• _Exercise description_: In the records below, repeat exactly the lines between the line holding "De Paint & Sip" and the line holding "The Aero6-DM Direct-Mount", inclusive, and drop the pictures.

• _Exercise data_:
*** Begin section ***

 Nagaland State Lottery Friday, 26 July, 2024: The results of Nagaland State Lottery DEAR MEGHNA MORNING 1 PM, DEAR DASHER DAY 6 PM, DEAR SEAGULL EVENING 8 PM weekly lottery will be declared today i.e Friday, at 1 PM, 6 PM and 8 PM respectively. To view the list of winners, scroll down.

*** End section ***
*** Begin section ***

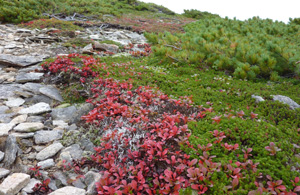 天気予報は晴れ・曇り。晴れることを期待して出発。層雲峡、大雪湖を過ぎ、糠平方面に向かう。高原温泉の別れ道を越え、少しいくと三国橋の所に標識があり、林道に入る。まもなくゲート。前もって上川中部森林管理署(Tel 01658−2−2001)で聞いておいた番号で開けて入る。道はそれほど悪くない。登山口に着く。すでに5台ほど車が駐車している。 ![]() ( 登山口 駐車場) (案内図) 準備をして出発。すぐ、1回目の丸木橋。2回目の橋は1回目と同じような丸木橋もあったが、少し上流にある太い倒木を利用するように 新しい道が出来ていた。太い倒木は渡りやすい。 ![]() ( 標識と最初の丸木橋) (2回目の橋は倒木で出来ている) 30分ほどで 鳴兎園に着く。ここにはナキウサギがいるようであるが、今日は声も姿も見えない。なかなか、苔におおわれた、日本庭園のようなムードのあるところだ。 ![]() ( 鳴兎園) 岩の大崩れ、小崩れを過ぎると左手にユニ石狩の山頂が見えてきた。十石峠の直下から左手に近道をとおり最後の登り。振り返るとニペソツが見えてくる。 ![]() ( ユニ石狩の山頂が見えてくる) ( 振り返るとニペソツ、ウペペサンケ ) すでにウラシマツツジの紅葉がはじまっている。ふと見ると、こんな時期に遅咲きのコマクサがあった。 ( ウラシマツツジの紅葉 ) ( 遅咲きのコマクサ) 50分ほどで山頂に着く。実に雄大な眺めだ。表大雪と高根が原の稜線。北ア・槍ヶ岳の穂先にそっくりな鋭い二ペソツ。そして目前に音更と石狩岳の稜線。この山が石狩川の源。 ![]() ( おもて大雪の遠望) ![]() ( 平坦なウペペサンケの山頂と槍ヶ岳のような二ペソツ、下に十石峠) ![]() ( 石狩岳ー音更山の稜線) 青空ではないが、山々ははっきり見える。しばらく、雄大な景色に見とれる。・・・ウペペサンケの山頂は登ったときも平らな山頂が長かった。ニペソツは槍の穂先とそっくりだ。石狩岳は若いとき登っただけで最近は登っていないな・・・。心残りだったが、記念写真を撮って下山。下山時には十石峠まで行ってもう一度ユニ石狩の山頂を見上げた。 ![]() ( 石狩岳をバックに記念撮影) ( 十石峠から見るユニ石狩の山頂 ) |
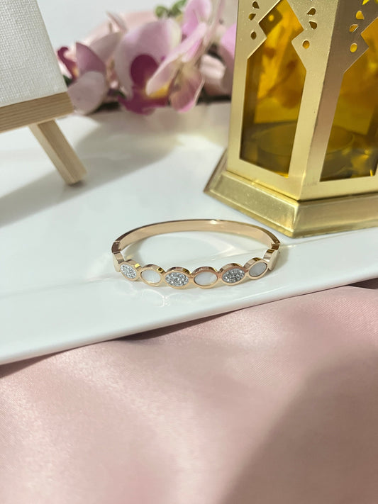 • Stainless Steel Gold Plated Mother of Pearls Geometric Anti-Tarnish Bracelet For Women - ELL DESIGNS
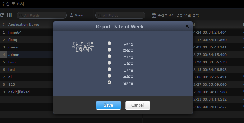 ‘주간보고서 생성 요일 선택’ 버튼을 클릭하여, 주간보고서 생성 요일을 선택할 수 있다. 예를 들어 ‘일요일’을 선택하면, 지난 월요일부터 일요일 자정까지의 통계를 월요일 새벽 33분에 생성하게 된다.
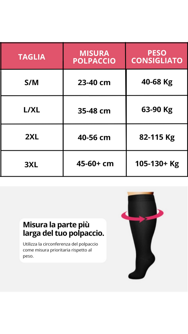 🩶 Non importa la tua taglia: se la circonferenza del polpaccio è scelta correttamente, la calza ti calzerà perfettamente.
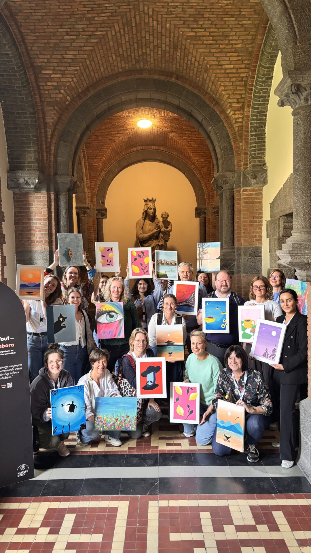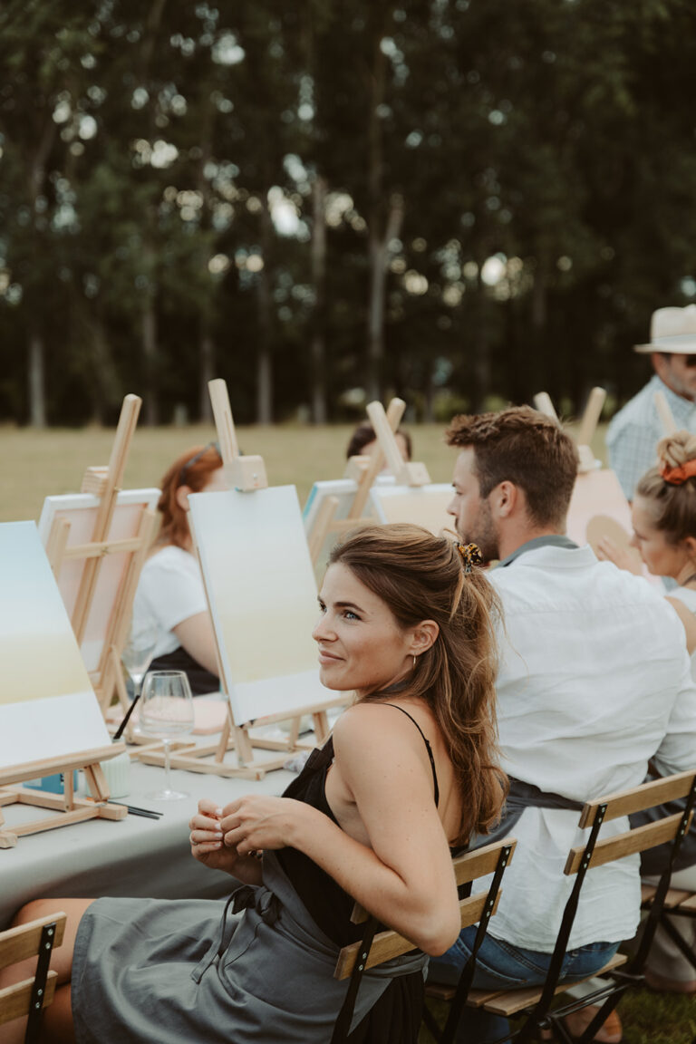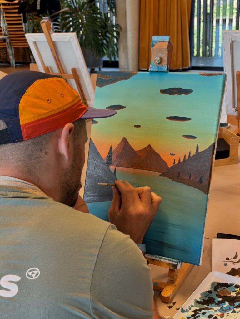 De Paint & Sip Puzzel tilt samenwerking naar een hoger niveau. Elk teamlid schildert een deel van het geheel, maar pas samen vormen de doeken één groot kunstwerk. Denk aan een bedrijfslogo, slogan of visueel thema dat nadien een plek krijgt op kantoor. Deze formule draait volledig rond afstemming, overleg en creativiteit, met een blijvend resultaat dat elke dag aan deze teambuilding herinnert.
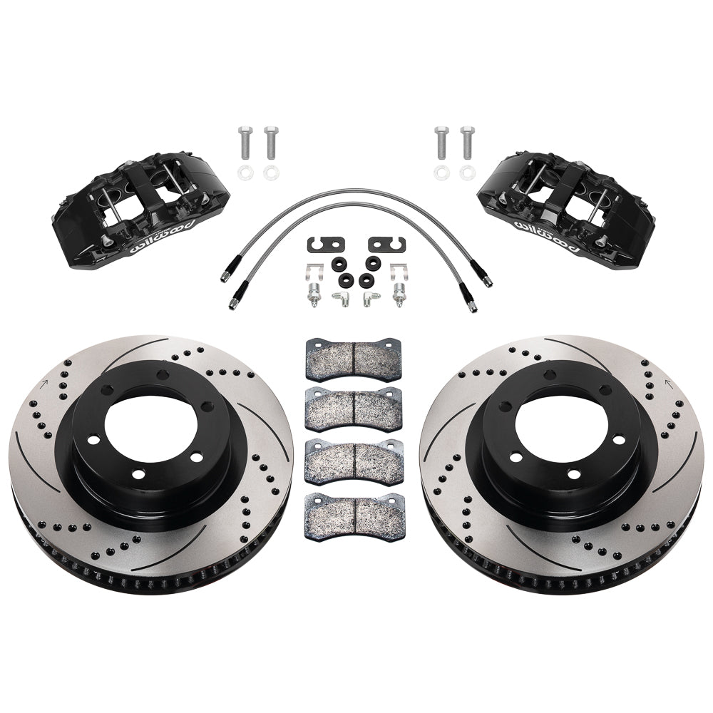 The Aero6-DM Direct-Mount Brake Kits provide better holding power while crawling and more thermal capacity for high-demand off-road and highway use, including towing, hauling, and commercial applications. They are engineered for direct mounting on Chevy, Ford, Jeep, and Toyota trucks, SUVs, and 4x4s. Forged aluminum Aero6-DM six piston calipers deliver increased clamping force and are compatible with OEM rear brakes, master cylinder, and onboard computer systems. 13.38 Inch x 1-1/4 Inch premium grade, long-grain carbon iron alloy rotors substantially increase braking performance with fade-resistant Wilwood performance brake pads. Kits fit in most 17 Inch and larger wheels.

*** End section ***

• _Response to the exercise_:
 De Paint & Sip Puzzel tilt samenwerking naar een hoger niveau. Elk teamlid schildert een deel van het geheel, maar pas samen vormen de doeken één groot kunstwerk. Denk aan een bedrijfslogo, slogan of visueel thema dat nadien een plek krijgt op kantoor. Deze formule draait volledig rond afstemming, overleg en creativiteit, met een blijvend resultaat dat elke dag aan deze teambuilding herinnert.
 The Aero6-DM Direct-Mount Brake Kits provide better holding power while crawling and more thermal capacity for high-demand off-road and highway use, including towing, hauling, and commercial applications. They are engineered for direct mounting on Chevy, Ford, Jeep, and Toyota trucks, SUVs, and 4x4s. Forged aluminum Aero6-DM six piston calipers deliver increased clamping force and are compatible with OEM rear brakes, master cylinder, and onboard computer systems. 13.38 Inch x 1-1/4 Inch premium grade, long-grain carbon iron alloy rotors substantially increase braking performance with fade-resistant Wilwood performance brake pads. Kits fit in most 17 Inch and larger wheels.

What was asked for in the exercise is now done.